I saw this article referencing a review by Nature. It talks about machine learning as applied to chemistry and materials science, and thought to read the original paper (which can be found here behind a pay wall. Try sci-hub). Today we will be discussing some of the ideas in “Machine learning for molecular and materials science.”

The beginning of the article is rather concise: The Schrödinger equation was so effective at allowing the physicist to calculate, from the relative distribution of electrons, the physical and chemical properties of an element, that in 1929 Paul Dirac claimed that the underlying physical laws of chemistry are “completely known.” In the 1960s the first program was made that could apply these calculations to predict the chemical property of an element ab-initio (ab-initio means from the basic physical laws). Modern algorithms and computers allow us to do this for thousands of atoms, but the more atoms you add, there is an exponentially increasing cost to the calculation, as a result shortcuts start being desirable. Enter the world of machine learning.

Machine learning by definition is a machine coming up with a solution, an algorithm or an optimized set of parameters, without being explicitly programmed to do so. This consists translating the thing you want it to do into a “cost” function, which the machine will try to minimize. Linear regression (the tool in excel and other graphing programs that makes a trend line from a bunch of random data points) is a particularly simple example of this, where the distance between the line and the points is the cost, and the machine iterates in one or another direction until it finds a line that is the least far away from all points. Linear regression is machine learning.

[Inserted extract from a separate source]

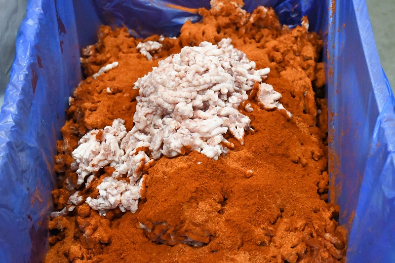 Felsőpakonyról (Pest megye) a Thermofoam Kft. csapata több éve vesz részt a kolbászgyúró versenyen. Érdeklődésünkre, hogy ott hogyan készítik a kolbászt, Koltai Károly, a csapat egyik tagja elmondta, nagyon fontos, hogy a húst apróra darálják, majd a só és bors mellett finom pirospaprikával fűszerezik.

For chemistry however, the article discussed X other algorithms that are common and useful:

1. Naive Bayes Clusters – Applies Bayes’ Theorem, to find the “most probable hypothesis” using past and known data.
2. K-nearest neighbor – Finds materials most similar to the current one in known properties to predict the physical or chemical property in question.
3. Decision Trees – creates a logical diagram similar to a flow chart that focuses on the probability of a given outcome where each decision is a parameter. This is a favourite in predictive analytics both for it’s simplicity and for it’s for the easy way the model can be translated into a set of rules people can act on.
4. Kernel Methods – of which one of the most popular and well-known is the Support Vector Machine (SVN). I know virtually nothing about these and will say no more about them.
5. Neural Networks – Who knows about machine learning and hasn’t heard of these?

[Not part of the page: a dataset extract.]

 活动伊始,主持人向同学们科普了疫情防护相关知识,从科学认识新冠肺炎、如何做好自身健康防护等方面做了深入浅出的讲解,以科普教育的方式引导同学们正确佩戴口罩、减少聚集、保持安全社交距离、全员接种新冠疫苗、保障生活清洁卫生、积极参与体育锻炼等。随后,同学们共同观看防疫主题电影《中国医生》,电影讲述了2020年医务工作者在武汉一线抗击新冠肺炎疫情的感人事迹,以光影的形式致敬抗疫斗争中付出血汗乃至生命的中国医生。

In materials science, the cost function could be based on having the machine try to predict the property of a material given some known data. Perhaps given it’s chemical formula and structure it tries to predict whether the material can crystallize. In organic chemistry, cost functions could be finding the most efficient way to produce X compound with Y starter materials, and in fact machine learning has been used to create/discover new organic synthesis pathways.

Once the cost function is defined, a set of training data is amassed. This can come from one of many existing databases (ChEMBL, AFLOWLIB, and the Crystallography Open Database are all examples. More are given in the Nature paper). To prevent over-fitting, usually about 20% of the training data is initially set aside and after the models have been trained, they are tested against this 20%. A model over fits when it starts memorizing particulars of the data set rather than generalizing it’s rules.

The article goes on to recommend chemists start sharing their data in a way that is not just conducive for publishing to be read by other chemists, but also formatting it into a standardized format that machines can easily read. The article speculates about the possibilities of quantum computing for powerful computational chemistry as well as the possibility of machine learning being used to discover new chemical principles, and what that might look like. I highly recommend you check it out.

On another week I would like to look at one or more of these machine learning algorithms in more detail and perhaps go over an example, applying it to an open source chemical database to generate useful conclusions.